WHAT IS BEING ASKED
Excluding every picture, print exactly the lines from the one containing "가운데 테니스 공은 테니스" through the end of the material below, both ends included.

SUPPLIED MATERIAL
□ □ □ □ □

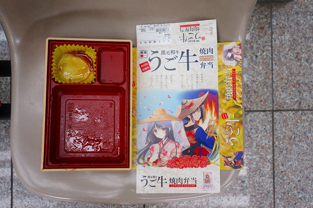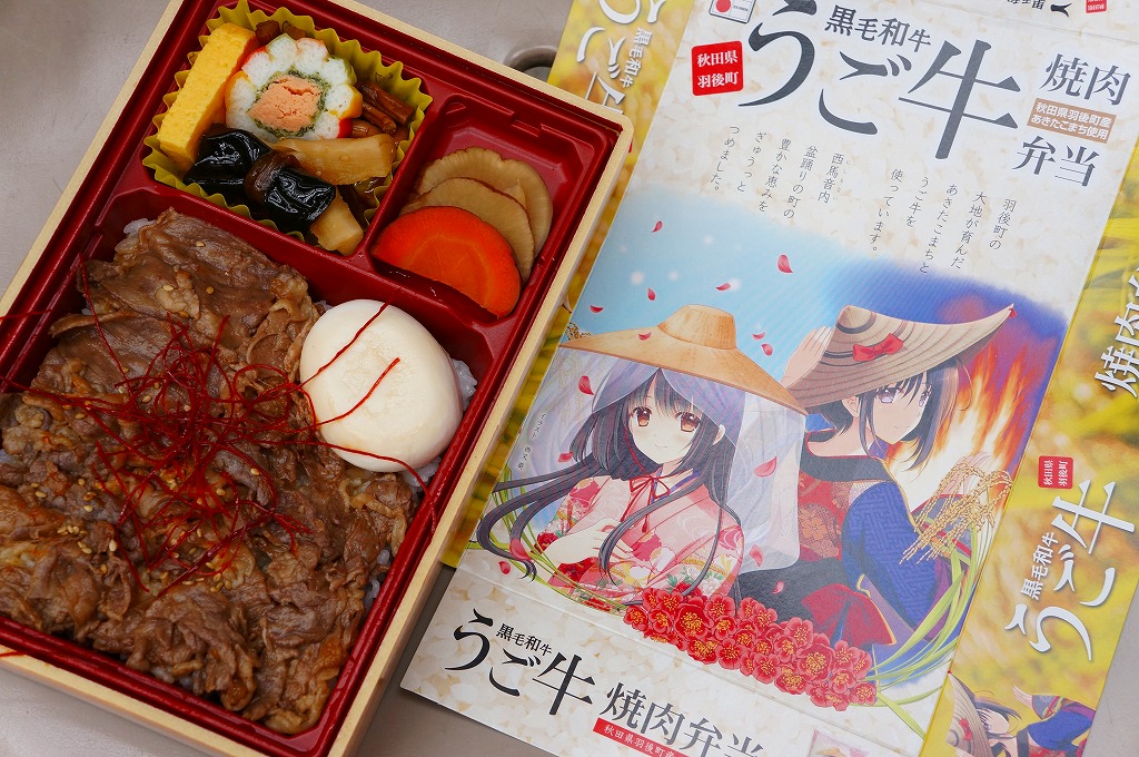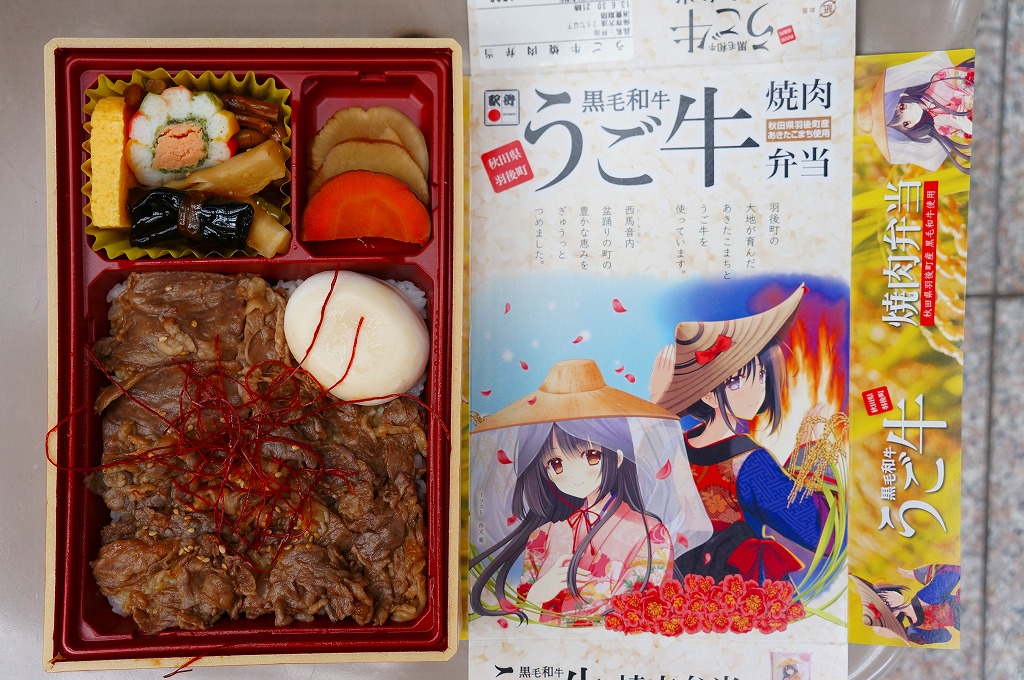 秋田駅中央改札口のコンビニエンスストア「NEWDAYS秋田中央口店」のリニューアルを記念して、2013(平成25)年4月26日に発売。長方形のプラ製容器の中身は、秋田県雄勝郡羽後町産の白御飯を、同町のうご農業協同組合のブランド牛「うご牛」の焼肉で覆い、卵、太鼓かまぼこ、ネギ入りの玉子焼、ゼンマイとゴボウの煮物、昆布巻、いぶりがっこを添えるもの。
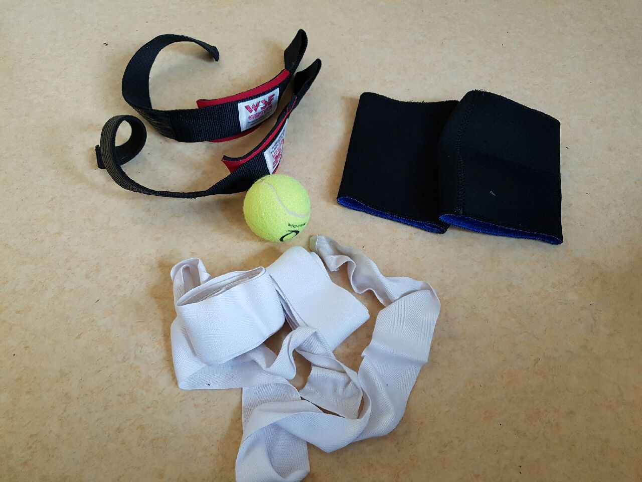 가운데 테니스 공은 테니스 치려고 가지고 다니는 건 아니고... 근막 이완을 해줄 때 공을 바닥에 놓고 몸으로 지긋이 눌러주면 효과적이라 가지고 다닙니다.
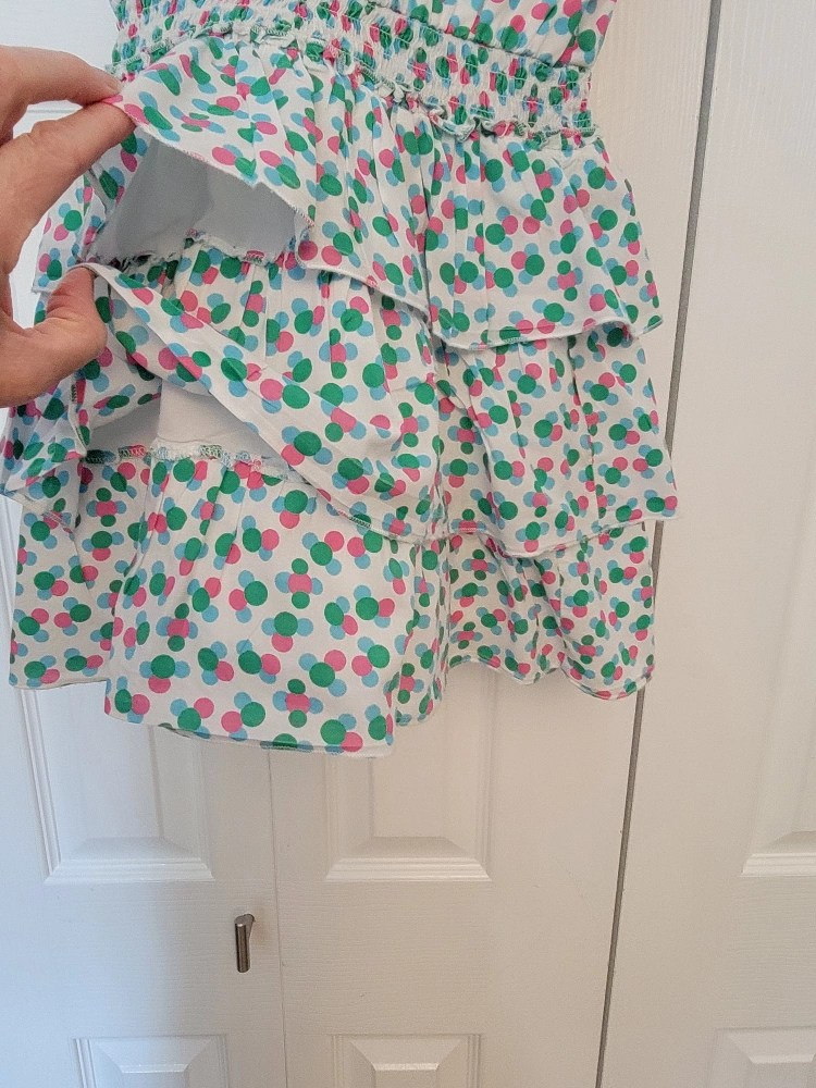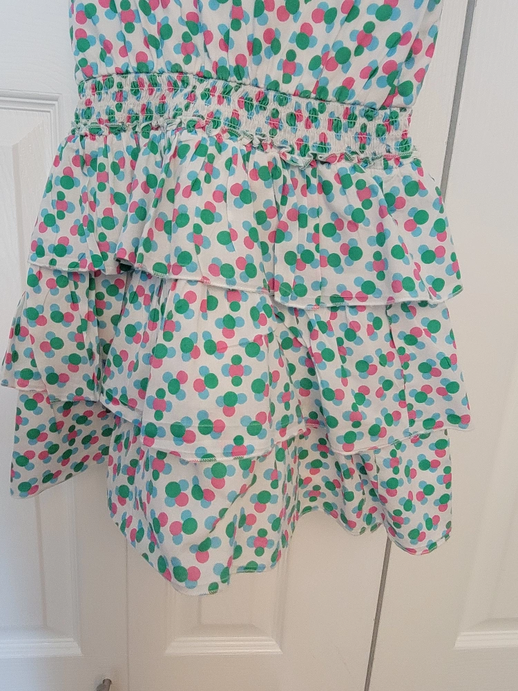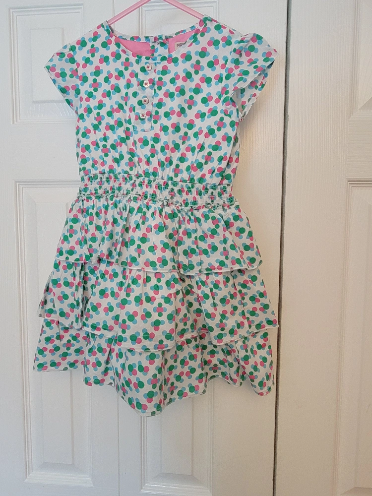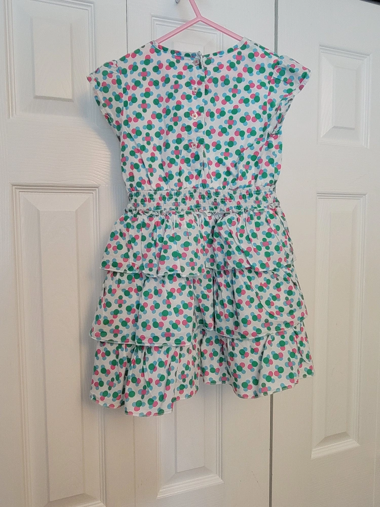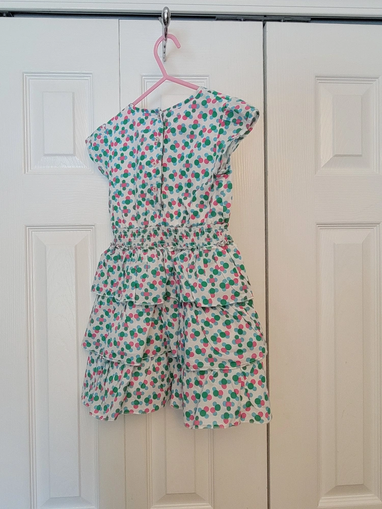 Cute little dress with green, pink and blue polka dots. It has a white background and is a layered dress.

□ □ □ □ □

EXPECTED ANSWER
 가운데 테니스 공은 테니스 치려고 가지고 다니는 건 아니고... 근막 이완을 해줄 때 공을 바닥에 놓고 몸으로 지긋이 눌러주면 효과적이라 가지고 다닙니다.
 Cute little dress with green, pink and blue polka dots. It has a white background and is a layered dress.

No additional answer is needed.